The set cover is a classical combinatorial problem with many real world applications. In simple terms, the goal is to take a collection of many assortments (sets) of items and determine which is the smallest subset of assortments that contains all unique items in the 'item universe' at least once. Each assortment usually contains only one copy of each item (although this isn't crucial) but typically contains only a subset of all possible items. Let's illustrate with some real world examples:
- Say in your CD collection (old skool, I know), you have many overlapping music compilation albums. Which is the minimal collection of CDs you should take on holiday (the minimal set that contains all the tracks you want but takes up the least physical space)?

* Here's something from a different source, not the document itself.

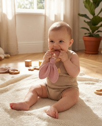 De bijtring met muslin doek is de ideale set wanneer de tandjes van de baby doorkomen. De bijtring is gemaakt van beukenhout dat vriendelijk is voor het milieu en zachte muslin stof. Volledig veilig voor baby's biedt het troostende verlichting tijdens het doorkomen van tandjes. De bijtring kan ook als speelgoed voor baby’s worden gebruikt. De bijtring past perfect bij onze andere muslin producten en creëert zo een mooie set die als cadeau voor een babyfeestje kan worden gegeven.

- Logistics: Where should we place delivery depots to cover all addresses?
- Staffing/personnel: Which is the smallest group of people that possess all necessary skills for a task?
Input: A collection of sets containing unique items. The same item can occur in multiple sets. Output: The smallest set of sets that contain all unique items.
1: simulate_data.py - takes 3 parameters and generates a collection of datasets. Parameter list:
set_size - a list containing a range of values for the size of each assortment.
unique_members - a list containing a range of values for the total number of unique items in the universe.
total_sets - an integer specifying the number of assortments to randomly generate from the universe when building a given dataset. This is kept at a default value of 1000.
The datasets are saved as pandas dataframes.
2: set_cover_example.py - solves the problem for a single dataset and returns the minimal collection of sets for full coverage (i.e. the solution)
3: set_cover_multiple.py - solves the problem for multiple datasets, each specified by the parameters above.
Running this script should produce the following chart:
N.B. This script implements a lazy implementation of the greedy solution to the set cover problem as outlined in algorithm 3 in the following publication: https://people.eng.unimelb.edu.au/ammoffat/abstracts/lmw14acsc.pdf.
NB. All code in this repository is provided for educational purposes only, with absolutely no warranty explicit, implied, or otherwise.